# Kato N-Scale Unitrack issue



## Chiech (Feb 14, 2018)

I am currently at a point in my layout where I should (?) glue down the track in the tunnels. My issue is I have a bridge at one of the tunnel portals. The other end of the bridge goes into another tunnel portal.

Does the track need to be glued in the tunnels? If I glue the track down in the tunnels, I wont be able to remove the bridge to work on the layout under the bridge.

Any suggestions? I am building a small access to the tracks in the tunnel once the mountains are in place, but that will be small and intended just to clean track and/or correct derailments.

Is the only other option to not use the Unitrack connectors on the bridge and solder the track?
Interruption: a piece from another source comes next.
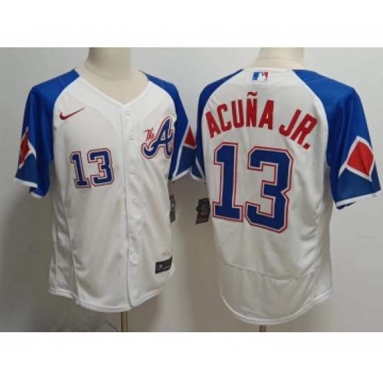 Men's Atlanta Braves #13 Ronald Acuna Jr White 2023 City Connect Flex Base Stitched Jersey

I am looking forward to your responses.


----------



## Viperjim1 (Mar 19, 2015)

Soldering your track won't give you access to remove the track without removing the ajoining pieces. If you have a foam layer under the track you could use small track spikes to hold the track in place, but with initrack , if you use new railjoiners you shouldn't have a problem with the track moving if that is your concern. You may just want to tack the ends of the bridge in place and that should hold everything true. I personally don't think it's an issue, besides if the track is glued in the tunnnel area you won't be able to slide the sections apart to do your maintenance.. hope this helps.


----------



## Chiech (Feb 14, 2018)

Nailing the track down never crossed my mind. Great idea, thanks...


----------



## Viperjim1 (Mar 19, 2015)

Using the track spiked in foam is easily removable but nailing it in wood will cause you problems trying to remove them and the track.


----------



## Chiech (Feb 14, 2018)

Thanks, I do have 2” foam as a base...


----------



## traction fan (Oct 5, 2014)

*Pin "nails"*



Chiech said:


> Nailing the track down never crossed my mind. Great idea, thanks...


Chiech;

You may find that ordinary straight sewing pins hold better in foam than track nails. The pins are much longer, and go deeper into the foam.

good luck;

Traction Fan:smilie_daumenpos:


----------